Advertising Age has a great example of the complete and utter incompetence many newspaper executives still have when it comes to the web.
Then in January, Martin Nisenholtz, New York Times Co. senior VP-digital operations, got up at the annual Online Publishers Association summit in Florida, an event closed to the press, to blast both the algorithm and the results presentation on the screen.
He’d just run a search for Gaza, which had been at war with Israel since Dec. 27. Google returned links to outdated BBC stories, Wikipedia entries and even an anti-Semitic YouTube video well before coverage by the Times, which had an experienced reporter covering the war from inside Gaza itself.
Search results for “Gaza” on March 20 began with two Wikipedia links, a March 19 BBC report, two video clips of unclear origin, the CIA World Factbook, a Guardian report and, most strikingly, a link to Gaza-related messages on Twitter.
The last paragraph isn’t quite accurate.
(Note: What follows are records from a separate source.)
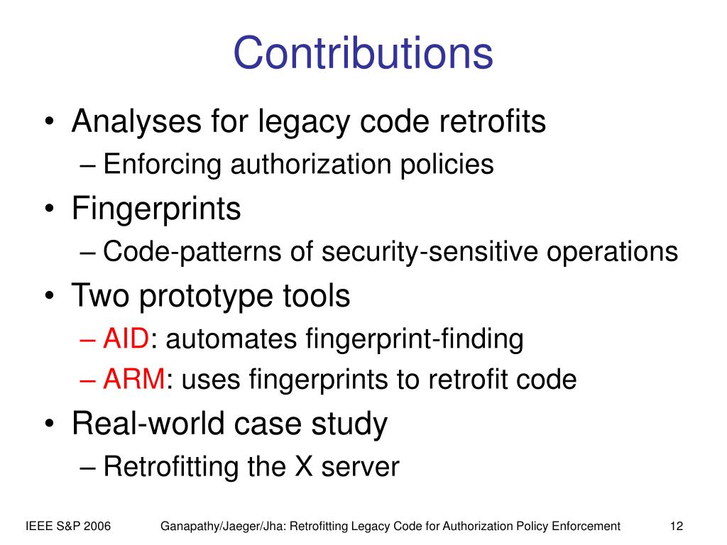 Talk outline • Motivation and contributions • Retrofitting legacy code: Lifecycle • Our techniques • Fingerprints • Finding fingerprints: AID • Using fingerprints: ARM • Conclusion Ganapathy/Jaeger/Jha: Retrofitting Legacy Code for Authorization Policy Enforcement
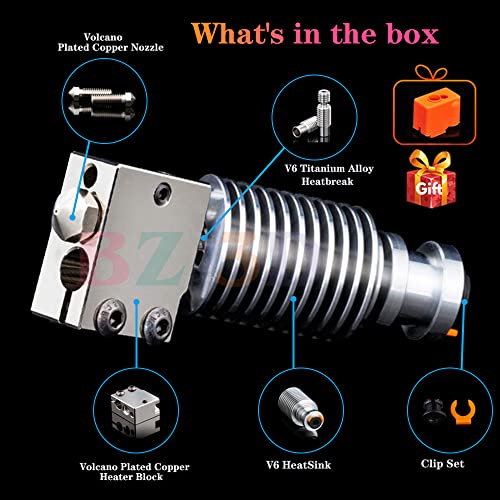 BZ 3D V6 Volcano All Metal Hotend,500 ℃ Ugello in Rame Placcato Volcano Blocco riscaldatore,Heatbreak lega di titanio per V6 Volcano Hotend,Prusa i3 MK2S MK3 MK3S Hotend Volcano.
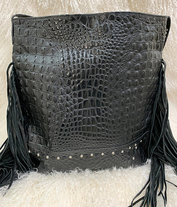 Juan Antonio shoulder bag has beautiful black and white brindle hair on hide on front by with generous black leather fringe accents on the sides. The back has a lovely croco embossing along with antique silver tone stud embellishments on the strap, front and back of bag. Due to lighting used during photography, actual finishes may vary from imagery. Click Here for additional Juan Antonio bag and wallet options.
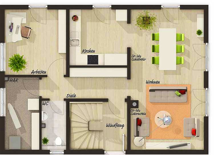 Passen Sie den Grundriss an Ihre persönlichen Bedürfnisse an und besprechen Sie Ihren individuellen Plan mit einem Bauberater des Anbieters.
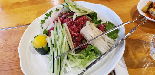 Has a very reliable, but fairly expensive, lunch buffet. The layout and items are always the same, and have been for years, but the quality is very good, especially for the Korean dishes. Look for the ojinga dup bap and jae yook. The service is friendly and speedy. At dinner they have a variety of decent and usually good Korean entrees.
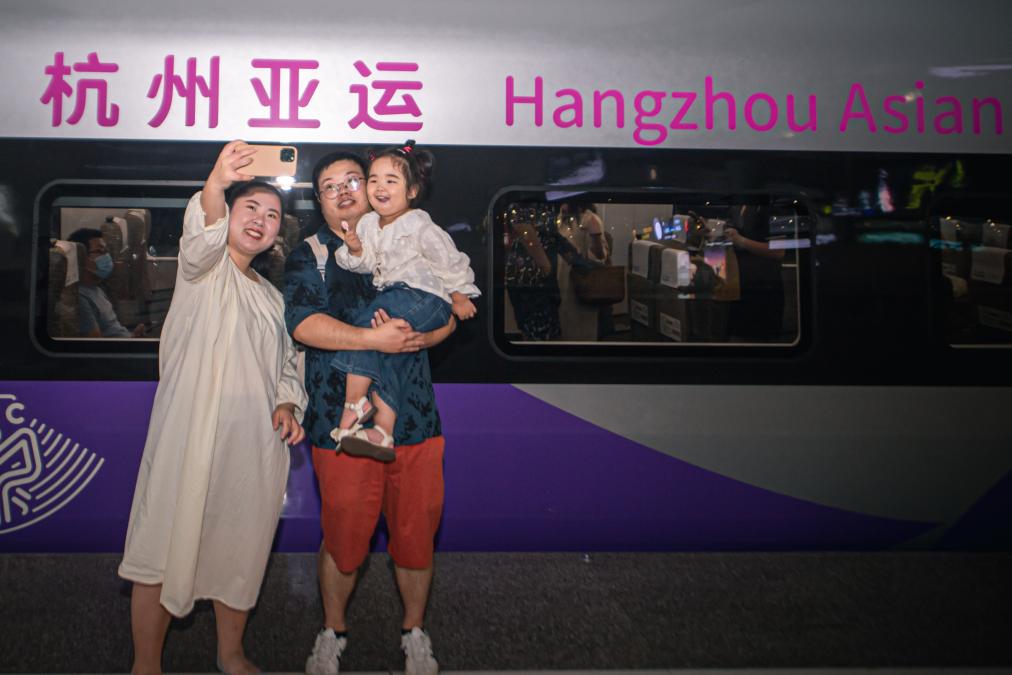 9月16日,在杭州東站站臺,乘客與復(fù)興號亞運智能動車組列車合影留念。 新華社記者 江漢 攝
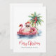 Get into the holiday spirit with this unique Christmas card featuring a relaxed Santa Claus in sunglasses lounging in a pink flamingo floaty in the ocean. Perfect for sending beachy holiday wishes, this card is ideal for anyone living in tropical places like Florida, Hawaii, or the Bahamas, or for those who simply adore the beach look. The scene includes a palm tree decorated with ornaments, gentle ocean waves, and a small island behind Santa. The card has a charming rustic watercolor style. The combination of simple fonts and script typography in red and black gives it a casual yet elegant feel. Perfect for adding a bit of surf and sand to your holiday greetings. Funny Festive Watercolor Pink Flamingo Floaty Santa Claus Tropical Beach Christmas Holiday Card.
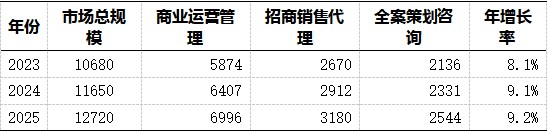 表1:2023-2025年中國(guó)商業(yè)地產(chǎn)服務(wù)行業(yè)市場(chǎng)規(guī)模(單位:億元)
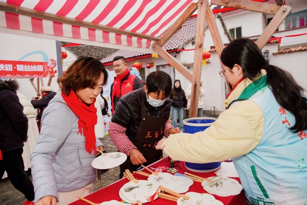 活动当天正值元宵佳节,学生处、团委还组织了学生志愿者团队走进乡村,将专业特色与传统文化带到田间地头。志愿者们不仅做好活动的引导和礼仪工作,还带来了精彩的鼓乐表演。他们还积极协助老师教小朋友们包元宵,并精心策划了“艾香手作·福韵香囊”“糖韵绘影·拓印流年”“漆韵清风·扇绘非遗”等互动体验活动,吸引了众多参与者。这些充满青春创意的活动不仅弘扬了中华优秀传统文化,更展现了农林学子在劳动中创造美、在实践中服务社会的精神风貌。
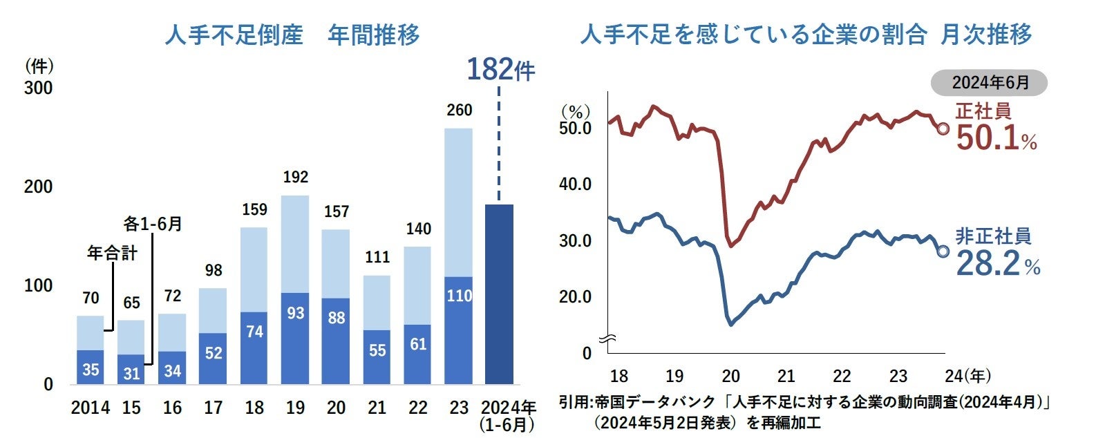人手不足による企業経営への影響が、一段と深刻化している。従業員の退職や採用難、人件費高騰などを原因とする「人手不足倒産」は、2024年上半期(1-6月)に182件発生。年間として、過去最多を大幅に上回るペースで推移している。
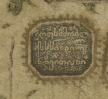 1. ტექსტი ჩაწერილია ფერად დეკორატიულ ხაზებს შუა, ზედა და მარჯვენა არე მოხატულია ფერადი ყვავილოვანი ორნამენტით, ჭარბობს მწვანე ფერი. ბეჭდები ჩასმულია ოქროს ვარაყში.
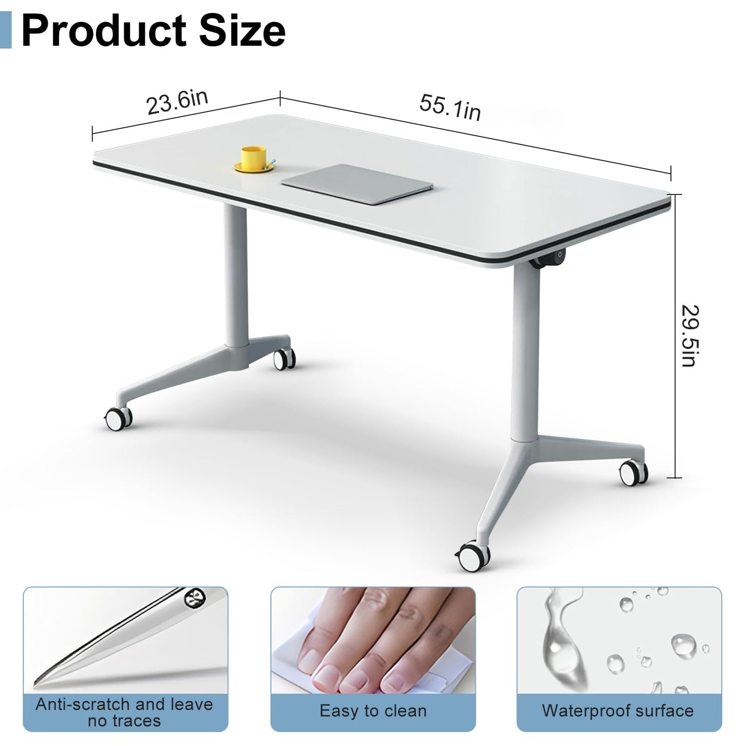 • 【Conference Table】Conference table size: 55x 23.6 x 29.5 Inches (L x W x H). The bottom of the conference table has lockable casters. When you need it, you can put the two tables together to get a large 9ft table for holding meetings or training seminars.
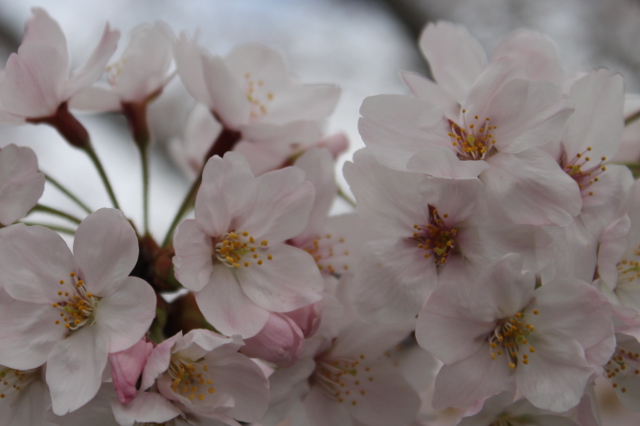 小雨降る中、桜の花を撮影したのですがさくらは頑張っていました。空は暗くても思い切り花びらを開いて『咲いたよーー』主張していました。
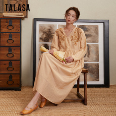 TALASA商场同款丝棉连衣裙2025年春新款设计感刺绣宽松显瘦文艺

What shows up is not a report from the Guardian on Gaza, but rather a portal-style page where The Guardian has *gasp* actually assembled a page listing all of its recent news stories on Gaza along with links to videos, photographs, commentary and assorted other resources on Gaza.
Now, there’s nothing stopping the New York Times from creating a similar aggregation page, except that it is too busy whining at publisher meetings and tinkering with nonsense like ACAP to think about what its readers (and, in turn, Google) might find valuable.
The reason the NYT didn’t show up on on the first page of a Google search on Gaza is quite simply that it didn’t deserve to. Maybe it can borrow more money Carlos Slim Helú to buy a clue. It might start by finding a VP of digital operations who knows what he’s doing.